Traveller's tales

Saturday, May 20, 2006

Camping at Gordale

We tramped those hills together, Roy and Steve and myself, in a hot summer – one of many in my memory. Carrying everything on our backs like two legged pack-animals, we climbed over stiles in white limestone walls, walked gingerly across cattle grids, scraped cow muck off our boots before we trudged into a café for a brew, and grew weary of the path long before dark.

Alone on the camp site below grim Gordale Scar, frowning majestically above us, we pitched only one of our two tents. The woman in the farmhouse looked us up and down, made some decision about the means of our parents and charged us by the tent.
-Two tents, that’ll be two quid.
-A quid for one then, said Steve, his sore feet making him unusually impatient.

We put up the tent, and were glad we had when night fell. The loneliness of the limestone walls and the overbearing cliffs stifled our normal cheerfulness.

Without much in the way of illumination, bedtime comes early as it must have done down through the ages before the electric light, the match and the candle drew out the evenings.

-Got these, said Roy turning out a packet of broken digestives from his pack. We grinned – something to cheer us.
-I’ll brew up. And we sat and crunched our way through the packet, argued about the last one, supped our coffee that had remnants of dunked biscuits in the dregs.

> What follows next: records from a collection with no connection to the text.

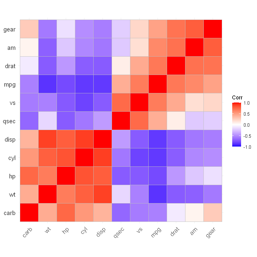 多个变量之间的相关系数矩阵可以用色块图表示, ggcorrplot包提供了这样的功能
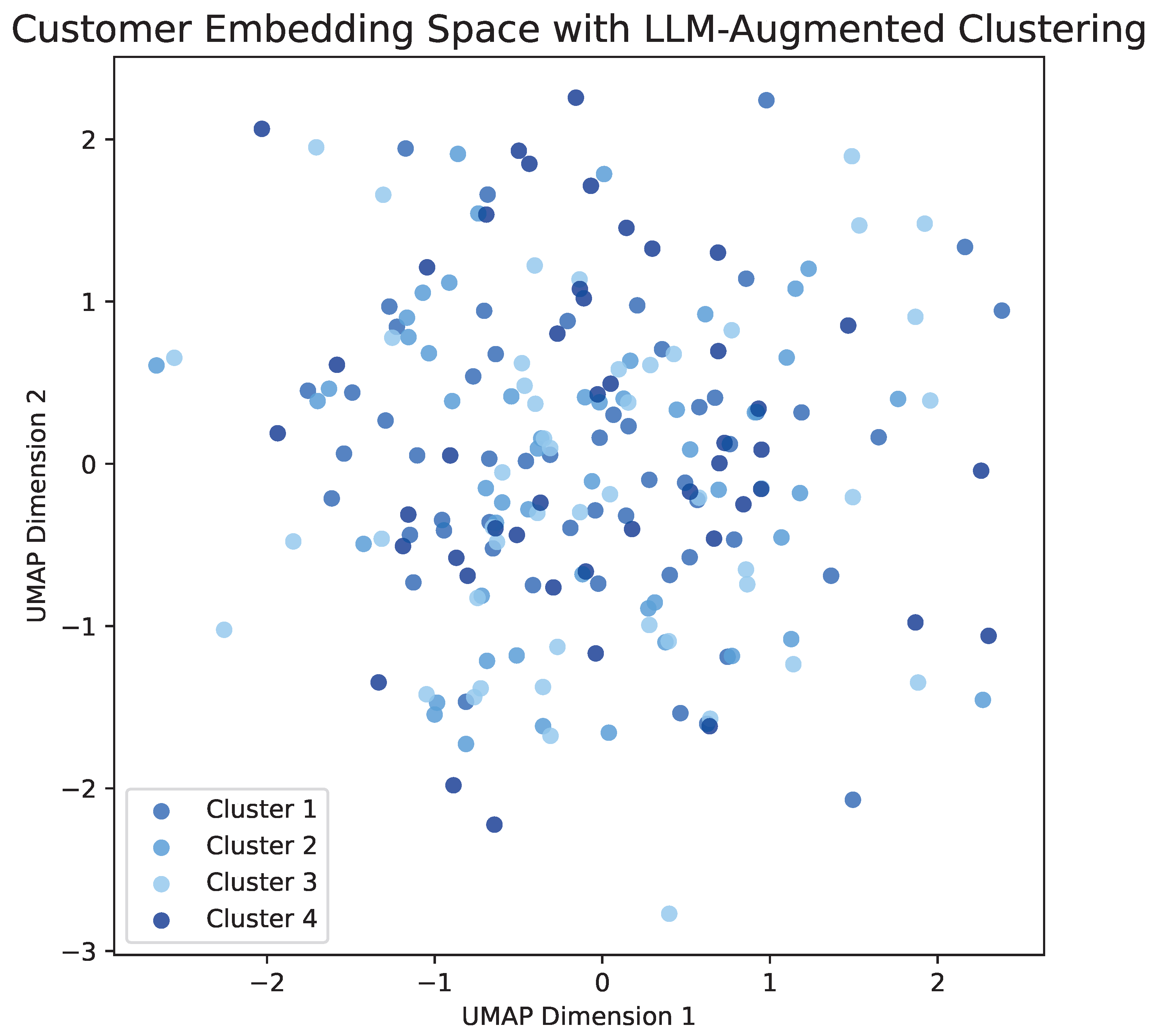 Figure 3 shows that the LLM-enhanced clustering yields well-separated customer groups, as evident in the 2-D embedding space. This demonstrates that our method captures meaningful segment structure beyond traditional approaches.
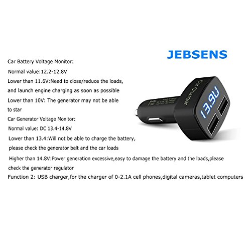 -. Feature : FAST DUAL USB CHARGING PORTS - Combined 3.1 amps; 15W; uses smart technology to ensure each device pulls the right amperage. Charger is powered by the vehicle's cigarette lighter. / OVER-CHARGE PROTECTION - auto power off when input/output is greater than safety current, protects against over-heat, over-current and over-charging / LED DISPLAY - LED digital luminescence tubes; Display cycles between internal temperature (Fahrenheit), device's charging current, and the voltage of the vehicle's car battery. (Note: When using the device to charge, it display the charger's temperature instead of the internal temperature of your car. ) The LEDs are bright enough to read the display without being a distraction while driving. / SPECIFICATIONS - Input: DC 12V - 24V, Output: DC 5V/3.1A, 15 W, Conversion efficiency 95%, Measuring range: Voltage 5V-25V, Current 0 - 3.1A, Temperature -4⁰ to 176⁰ F / Package Includes: 1 x JEBSENS 3.1A Dual USB Car Charger with LED Display. (Charging Cable NOT included) 1 Year Gurantee provided by Manufacturer. Money Back Guarantee from JebsensDirect. Want Car Charger with Voltage Display Only? Check out the 3.4A Dual Port Car Charger with Volt-display (ASIN: B01826Q3TU)! Another perfect partner is the No.1 Rated JEBSENS CA02 Magnetic Air Vent Car Mount (ASIN: B0144AX6WK).
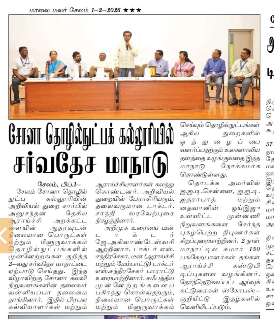 சோனா தொழில்நுட்பக் கல்லூரியில் சர்வதேச மாநாடு
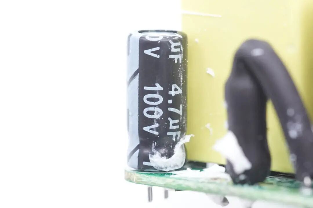 沿充电器插脚侧拆开外壳,交流输入通过导线焊接连接到PCBA模块上,并打胶固定。
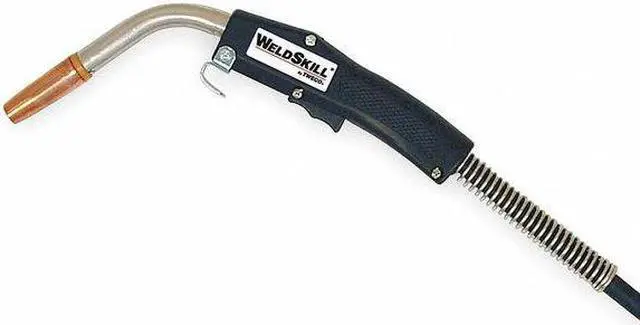 MIG Gun, MIG Gun Type Air-Cooled, Cooling Method Air-Cooled, Series WeldSkill WM 400, Maximum Current 400 A, Duty Cycle 60 Percent, For Gas Type CO2 (Carbon Dioxide), Maximum Wire Diameter 0.063 in, Cable Length 15 ft, For Rear Connection Type Tweco-Compatible, Handle Type Curved, Trigger Type Standard, Neck Tube Type Fixed, Neck Tube Angle 60 Degrees, For Wire Type Aluminum, Solid, Model WM400-15-116, Tip Series WS14, Welding Processes MIG Welding (GMAW). This item has been restricted from sale in the following state (s): []
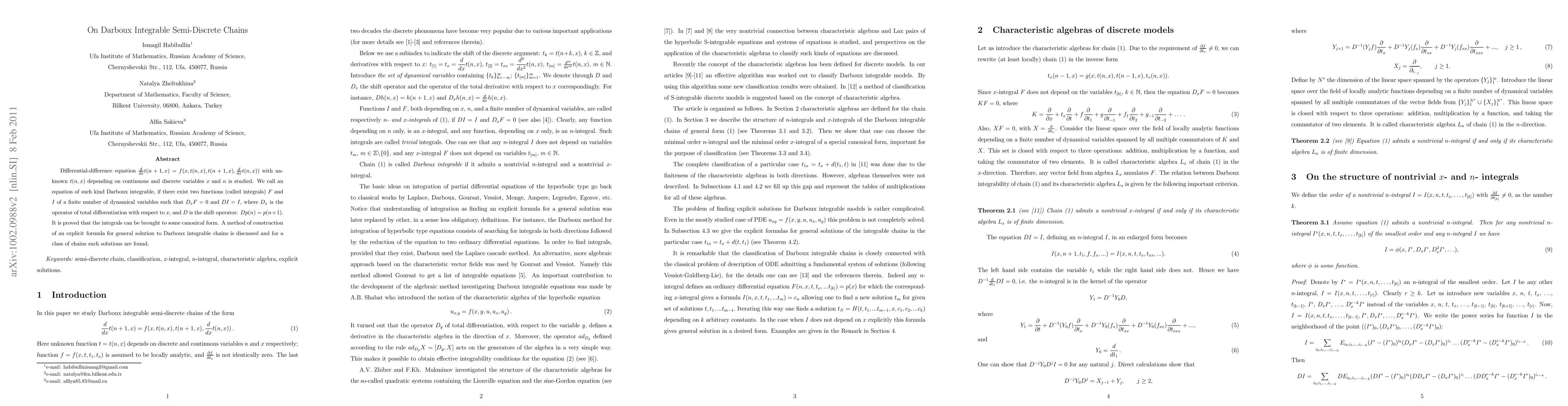 This paper investigates semi-discrete chains of differential-difference equations and defines Darboux integrability through specific functions. It proves that these integrable equations can be expressed in a canonical form and provides a method for constructing explicit solutions for certain classes of these chains.
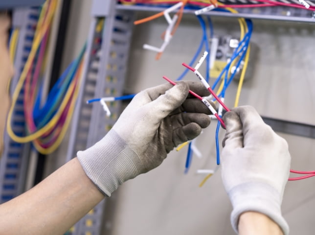 仕様書に基づいた回路通りに動作するか、外形寸法や銘板・表示機器類が正しく配置されているか、また塗装面や膜厚などに不備、誤配線や短絡配線などを確認、検査します。
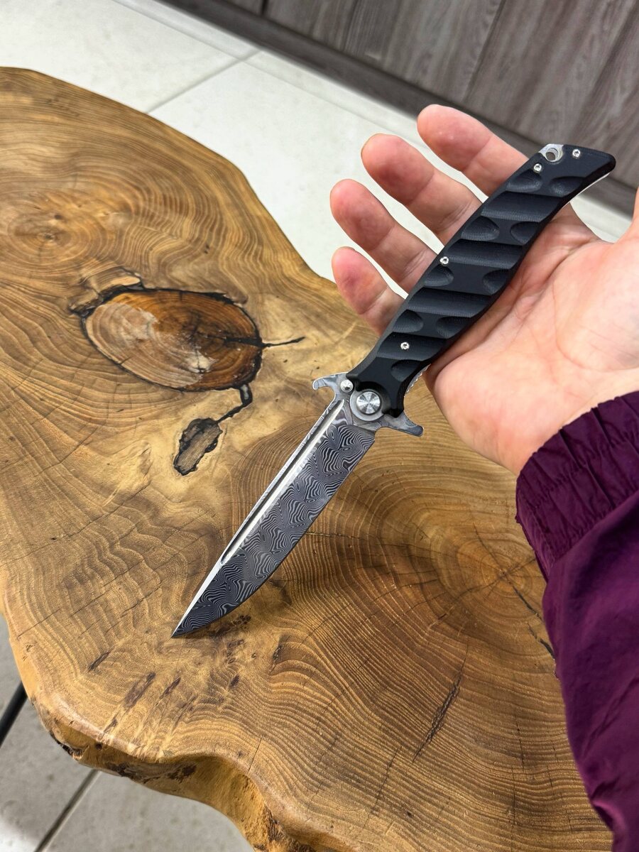 Клинок - Дамасская сталь Плашки - G10 Подшипниковый механизм Имеется клипса Отверстие по темляк Общая длина 24см Клинок 12см ⚪️цена 7.500₽ ЗАКАЗАТЬ В ТЕЛЕГРАММЕ ЗАКАЗАТЬ В ВАТСАПЕ ОТПРАВКА И ОТЗЫВЫ ⚪️+79280609590

Next came the day’s swansong, which tonight started with ghost stories – a man called for his girl – half way to somewhere she disappeared off the back of his Matchless – he went back to find her, was told she’d died some hours earlier – that sort of thing – things we could relate to and that had happened to lads like us.

Coffee and ghost stories don’t sit well together where sleep is concerned. I stared up and out for hours before the dawn came up and we each discovered the other two had also been wide awake.

And then when the sun did creep over the cliff to plunge us into full daylight, we all went to sleep and dreamed quietly through the early morning until a cow pushed its wet, pink and black nose into our tent and woke us up at ten.